# Digital camera under 20K



## ghoshm21 (Mar 16, 2011)

Hi, need suggestion for digital camera under 20000.
I need 1. Super zoom
         2. Good Micro focus
         3. Manual setting(controlling shutter speed, aperture etc..)
         4. good batery 
         5. Out door shooting

Initially i thought about Sony DSCH55. any suggestion welcome.

thnaks
Sandipan


----------



## warrior047 (Oct 11, 2011)

ghoshm21 said:


> Hi, need suggestion for digital camera under 20000.
> I need 1. Super zoom
> 2. Good Micro focus
> 3. Manual setting(controlling shutter speed, aperture etc..)
> ...



hx100v may be? think abt it


----------



## Soumik (Oct 13, 2011)

Similar query... 
Among the below models.. which one would have the best pic quality?
1. Sony HX9V
2. Nikon S9100
3. Nikon S8200
4. Canon 230HS
5. Canon 220HS
6. Canon 150IS
7. Panasonic TZ20
8. Fujifilm F500

I do have preference towards slimmer models and something that can shoot good in both outdoors and indoors. 
Any alternatives to these, also please suggest.
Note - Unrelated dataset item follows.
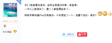 最近在论坛很多网友提出来AIR2外放声音过大时,屏幕下方喇叭处会出现明显震动,甚至有夸张的说震动桌子,首先一点:声音是本身就是由震动产生的,相信这个所有人都知道 。再一点,ipad air2这一次做的只有6.1mm,屏幕有9.7英寸,可以说又大又薄,那么自然震动你会感觉比上一代要明显。以下是网友关于ipad air2震动的反映:
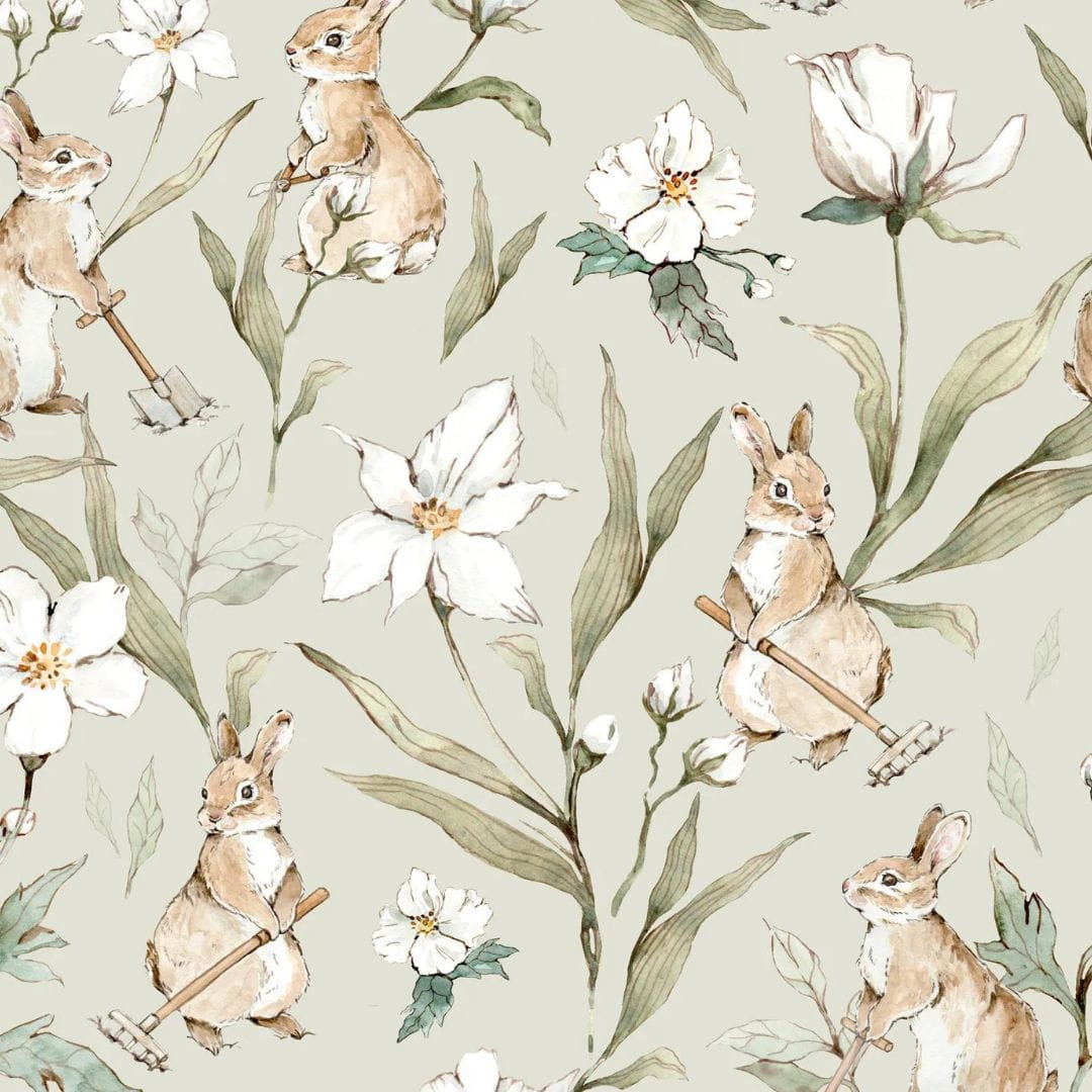 DEKORILLO KRÓLICZKI OGRODNICZKI ZIELONY - PRÓBKA TAPETY

Not urgent, but will be buying in a couple of months.


----------



## sujoyp (Oct 14, 2011)

1. canon 230HS
2. SOny HX9v
3. Panasonic TZ20

These r my preferences...check price and your preferences


----------



## aroraanant (Oct 15, 2011)

sujoyp said:


> 1. canon 230HS
> 2. SOny HX9v
> 3. Panasonic TZ20
> 
> These r my preferences...check price and your preferences



+1 on that...me too suggest u the same...


----------